In the context of both drug development and regulation, many potential applications of ML exist ranging from categories such as supervised and unsupervised learning to reinforcement learning. ⁷ In this study, we focus on supervised classification tasks in the context of clinical pharmacology analysis for clinical outcome predictions. ⁸ Examples of these tasks and their uses include: exposure‐response analyses for the justification of dose selection, identification of key biomarkers predictive of patient response for use in personalized health care, and prediction of patients who may experience drug‐induced adverse events (AEs) to support clinical trial design. In addressing these topics, the input data, or features, used in the analysis may involve baseline covariates, such as demographics and laboratory measurements or other biomarkers, as well as metrics of pharmacokinetics exposure (e.g., the maximum drug concentration [C_max] or the area under the curve [AUC]), with the targets being categorical variables, such as clinical response (e.g., complete response or progressive disease) or AEs of various grades (e.g., diarrhea, hyperglycemia, etc.).

Many different Python‐based AutoML solutions ⁶ have been proposed in recent years. H2O AutoML ⁹ , ¹⁰ is an open‐source ML workflow that supports the most widely used ML models and advanced models, such as deep learning and ensemble. To ensure high performance and easy deployment, H2O utilizes Java to develop core algorithms and provides application programming interfaces (APIs) for Python and R users. In the ML field, hyperparameters ⁶ refer to the set of tunable parameters that characterize the model via higher level concepts, such as model complexity, or capacity of regularization. Therefore, the hyperparameter optimization step can help identify the most suitable model(s) among the searching space that best fit the validation data. Compared with other popular AutoML packages, H2O has fewer hyperparameters to tune and applies random grid search optimization techniques. Thus, this method may result in overfitting and an unsatisfactory generalization performance. ¹¹ As a drop‐in replacement for the popular ML package scikit‐learn, ¹² auto‐sklearn ¹³ is a package that allows users to quickly adopt scikit‐learn style functions to build models from their data. Auto‐sklearn also has many data preprocessing options and leverages Bayesian optimization ¹⁴ to narrow down the search space of optimal hyperparameter combinations.
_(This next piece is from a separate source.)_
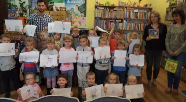 Wprowadzanie dzieci w świat literatury rozpoczyna się od wczesnych lat. Wiek przedszkolny jest doskonałym czasem na rozbudzanie zainteresowań czytelniczych i promowanie czytelnictwa wśród dzieci. 28 października tematem spotkania z dziećmi było zapoznanie z księgozbiorem biblioteki. Pokazaliśmy jak różne mogą być książki: od świecących, poruszających się, po rozkładane, trójwymiarowe i dźwiękowe. Przedszkolaki dowiedziały się co należy zrobić, aby stać się czytelnikiem biblioteki oraz jak należy się w niej zachowywać. Zobaczyły jak wygląda karta czytelnika oraz poznały zasady wypożyczania książek. Dzieci dowiedziały się także, jak należy dbać o książki, nie tylko te z biblioteki. Nie zabrakło głośnego czytania. Na zakończenie Wiewiórki wykonały ilustracje do przeczytanej książki „Kicia Kocia w bibliotece”.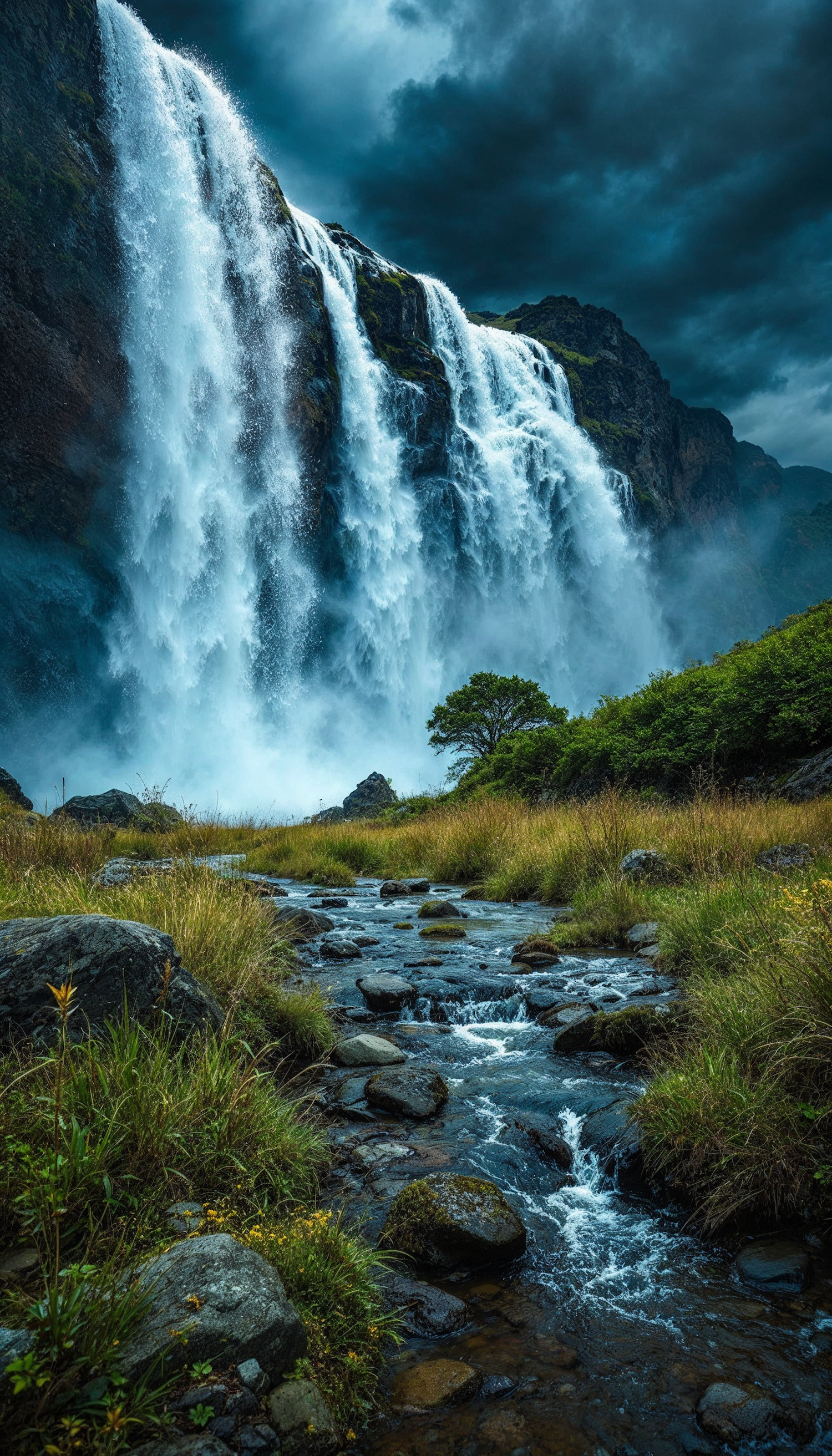 Majestic waterfall cascading down a rocky cliff with a serene stream and lush greenery under dramatic stormy skies.

However, with auto‐sklearn, it is not easy to extract optimization results and this package is reported to have unexpectedly low prediction accuracy. ¹⁵ Hyperopt‐sklearn ¹⁶ is another AutoML framework and uses hyperopt, ¹⁷ a Python library for optimization over search spaces, to encompass many scikit‐learn ML models. Hyperopt‐sklearn allows users to define search space and display optimized hyperparameters explicitly. However, this framework does not have many data preprocessing methods and lacks feature interpretation implementation. Thus, a further development of hyperopt‐sklearn is needed.

Despite growing interest in the field of AutoML, there has been little work done to apply these techniques to fulfill the needs of biopharmaceutical or healthcare researchers. ⁵ For example, ML data preprocessing and data splitting can be complex and time‐consuming. For researchers with little ML expertise, implementation mistakes may occur along different stages of the workflow, resulting in detrimental errors, such as data leakage, which occurs when the information from the validation or test data inadvertently enters the model training process. However, the existing AutoML frameworks (as mentioned in the previous paragraph) generally do not help streamline the end‐to‐end process. In addition, for pharmaceutical or healthcare applications, model interpretation is particularly important. Again, the existing AutoML frameworks do not include the most widely used and state‐of‐art model interpretation approaches, such as tree‐based feature importance analysis ¹⁸ and SHapley Additive exPlanations (SHAP) analysis. ¹⁹ , ²⁰ Thus, even after the ML models have been built, researchers using them may need to carry out additional analyses to reveal how the predictions are made. In this work, we present an end‐to‐end AutoML solution, Pharm‐AutoML, aimed at researchers involved in biopharmaceutical development and healthcare, which ensures simplicity and transparency of the entire ML pipeline (see Figure 1).

Model schematic. (a) The traditional ML pipeline. (b) The Pharm‐AutoML pipeline, an end‐to‐end AutoML. ML, machine learning

METHODS

Overview of pharm‐AutoML

Pharm‐AutoML is an open‐source Python package aimed at end‐to‐end automation of complex and computationally expensive ML pipelines, including data preprocessing, model selection, hyperparameter tuning, and model interpretation. One Python code example is available in Text S1. Pharm‐AutoML is easy to deploy on both local computers as well as remote cluster systems (in Mac and Unix OS). As shown in the Pharm‐AutoML flowchart (Figure 2), we implemented two pipeline branches for Pharm‐AutoML: branch A “impute missings” and branch B “allow missings.” This arrangement was made because although some ML models are able to handle missing values in the algorithm, thereby not requiring the user to impute data, other algorithms require no missing data. For example, XGboost can handle missing values internally by putting all input samples for which the value of the feature being split is missing into a child leaf.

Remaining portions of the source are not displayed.